# Input data

....

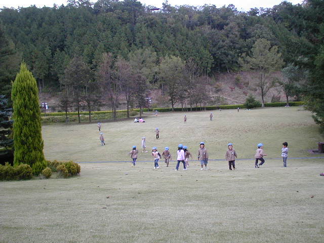 そして、最後まで走りきれたコーチは、みんなが芝生広場で遊んでいるのを知っていたので、見に行きました。
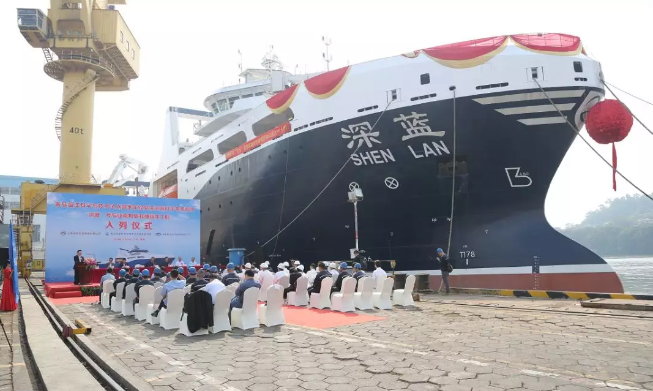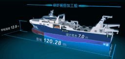 ????“深藍號”由黃埔文沖建造,七〇八所參與設計,總長約120米,型寬21.6米,設計吃水7.3米,設計航速15節(jié),主機功率8000 千瓦,載重噸約5000噸?!吧钏{號”是我國自主研制建造的第一艘漁業(yè)捕撈加工一體船,也是目前最大最先進的漁業(yè)捕撈加工一體船,取得近200項知識產(chǎn)權保護,實現(xiàn)了我國現(xiàn)代化漁業(yè)船舶裝備領域的重大突破,達到世界先進水平;主要用于南大洋漁業(yè)捕撈,兼顧海洋科考功能,可滿足ICE-A冰區(qū)(冰厚度0.8米)及-25℃低溫環(huán)境的營運要求。
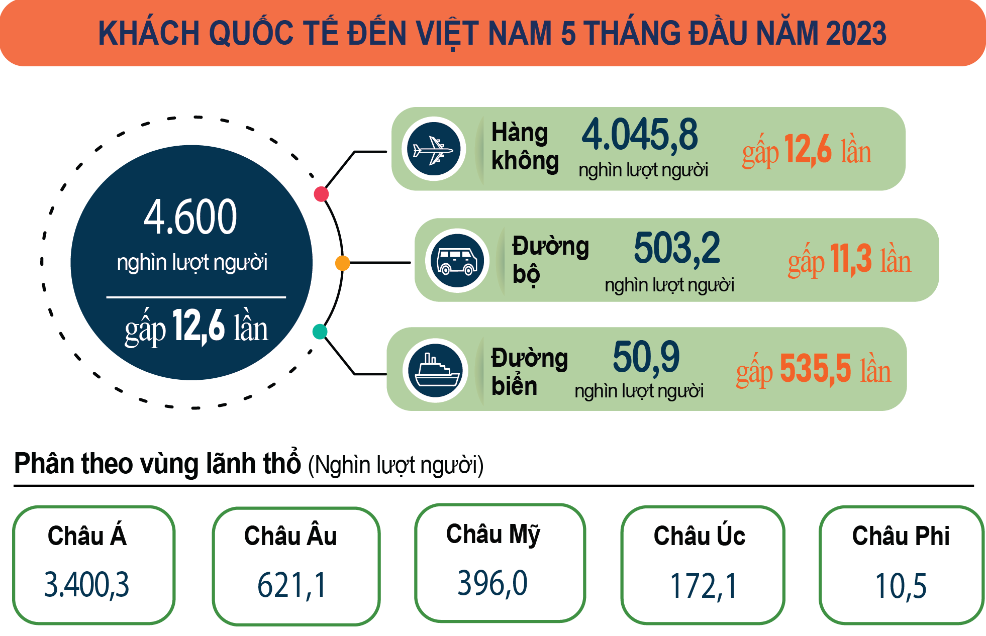 Theo dữ liệu Báo cáo tình hình kinh tế - xã hội tháng 5 và 5 tháng đầu năm 2023 được Tổng cục Thống kê công bố ngày 29/5, trong 5 tháng đầu năm 2023, lượng khách quốc tế đến Việt Nam đạt gần 4,6 triệu lượt, gấp gần 13 lần so với cùng kỳ năm 2022 và bằng khoảng 63% so với cùng kỳ năm 2019. Trong số đó, lượng khách đến Việt Nam chủ yếu theo đường hàng không, với hơn 4,045 triệu lượt, gấp 12,6 lần so với cùng kỳ.
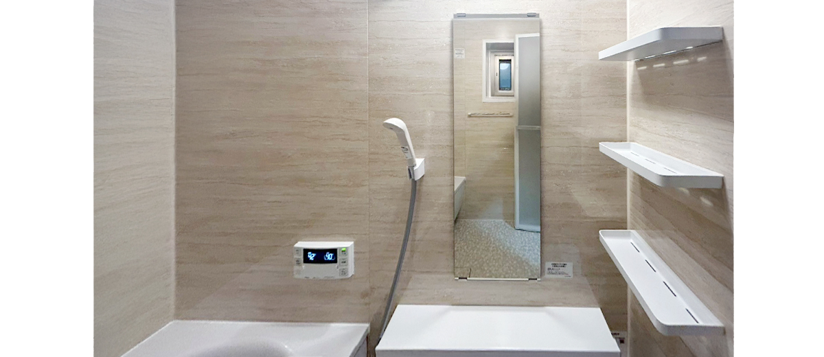 当社は同マンション内で複数の配管工事実績があり、建物特有の構造や天井配管ルートを把握しています。必要箇所のみ壁を丁寧に開口し、効率的に施工。配管更新に加え給湯器も新機種へ交換し、設備面の安心を強化しました。浴室はTOTO「WYシリーズ」を採用し、断熱浴槽やお手入れしやすい床・壁で快適性と清潔性を両立しています。

....

# Task prompt
Copy the data in full. No pictures belong in the copy.

# Your solution
 そして、最後まで走りきれたコーチは、みんなが芝生広場で遊んでいるのを知っていたので、見に行きました。
 ????“深藍號”由黃埔文沖建造,七〇八所參與設計,總長約120米,型寬21.6米,設計吃水7.3米,設計航速15節(jié),主機功率8000 千瓦,載重噸約5000噸?!吧钏{號”是我國自主研制建造的第一艘漁業(yè)捕撈加工一體船,也是目前最大最先進的漁業(yè)捕撈加工一體船,取得近200項知識產(chǎn)權保護,實現(xiàn)了我國現(xiàn)代化漁業(yè)船舶裝備領域的重大突破,達到世界先進水平;主要用于南大洋漁業(yè)捕撈,兼顧海洋科考功能,可滿足ICE-A冰區(qū)(冰厚度0.8米)及-25℃低溫環(huán)境的營運要求。
 Theo dữ liệu Báo cáo tình hình kinh tế - xã hội tháng 5 và 5 tháng đầu năm 2023 được Tổng cục Thống kê công bố ngày 29/5, trong 5 tháng đầu năm 2023, lượng khách quốc tế đến Việt Nam đạt gần 4,6 triệu lượt, gấp gần 13 lần so với cùng kỳ năm 2022 và bằng khoảng 63% so với cùng kỳ năm 2019. Trong số đó, lượng khách đến Việt Nam chủ yếu theo đường hàng không, với hơn 4,045 triệu lượt, gấp 12,6 lần so với cùng kỳ.
 当社は同マンション内で複数の配管工事実績があり、建物特有の構造や天井配管ルートを把握しています。必要箇所のみ壁を丁寧に開口し、効率的に施工。配管更新に加え給湯器も新機種へ交換し、設備面の安心を強化しました。浴室はTOTO「WYシリーズ」を採用し、断熱浴槽やお手入れしやすい床・壁で快適性と清潔性を両立しています。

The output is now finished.